After being a top-10 contender all race, Bowyer was first clocked for speeding during a pit stop under caution at lap 314.
This sent Bowyer to the tail end of the longest line.
As Bowyer fumed, he attempted to climb out of the hole.
50 laps after his first speeding penalty, Bowyer was busted again. Luckily for the Kansas native both penalties came under yellow, so he never lost laps as a result.
According to Bowyer, obstacles on pit road during practice made honing his pit road speed quite difficult.
“I guess we need to get our stuff together on being on the same page with that pit road speed. It’s such an important thing and such a big part of this style of racing, where track position is everything, Bowyer explained. “We push it to the limit, but it’s so hard to practice pit road speed. You’ve got trucks on pit road when you’re trying to practice that. I’m not making any excuses, it’s just when you’re trying to pinch every little thing out of it, it was hard this week to practice pit road speed because of all the stuff on pit road.”
Over the final 126 laps of the race, Bowyer kept his head down and dug deep.
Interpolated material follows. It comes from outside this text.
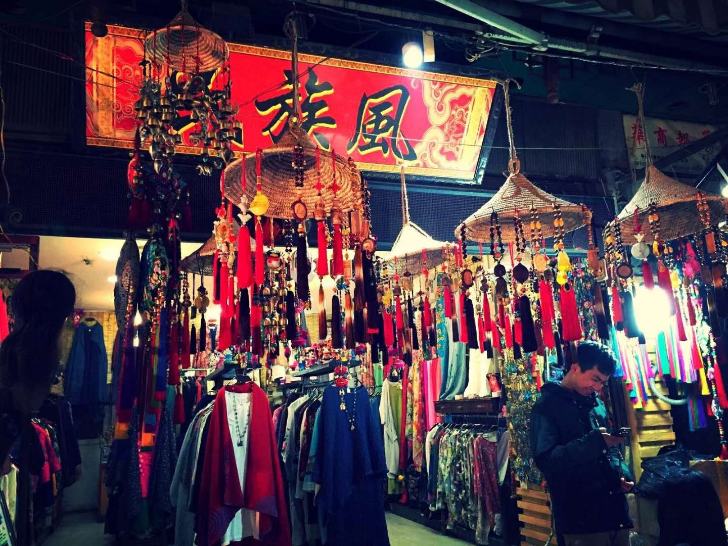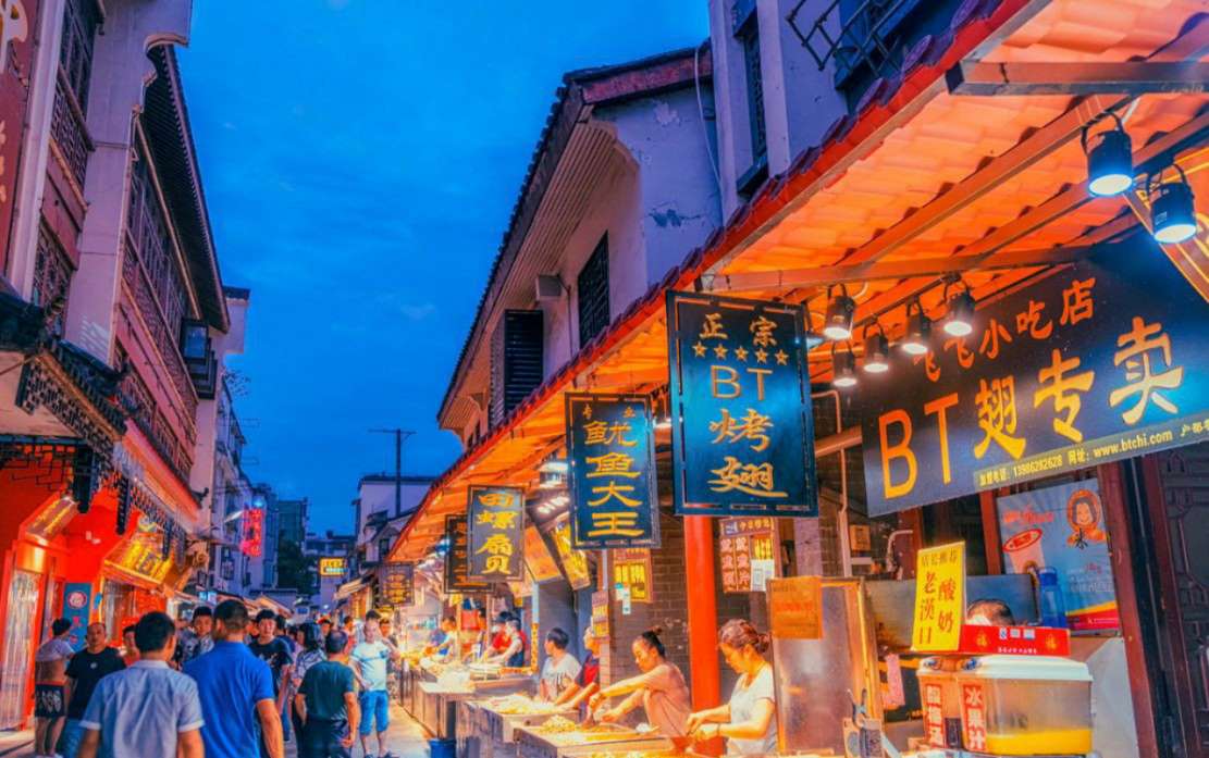 滿為患,連店門口也會擺滿桌椅。烤肉串、涮牛肚的煙火在不甚明亮的燈光下彌漫整條街,熙熙攘攘的人群都是邊逛、邊吃,看到小攤上中意的東西就和攤主還還價。還可以到鼓樓廣場的座椅上歇歇腳,看賣風箏的小販把數(shù)十米長的風箏一直放到馬路對面的高樓頂上,一切都充滿真實熱鬧的生活熱情。

When the checkered flag was displayed, he had miraculously worked back into the seventh position.
In the end, Bowyer was quite frustrated because he knows he had a great car.
“I don’t think anybody obviously had anything for [Brad Keselowski] or [Chase Elliott, who] made some adjustments there early and was really fast,” Bowyer said. “I think we were a top three car for sure, but we kept beating ourselves.”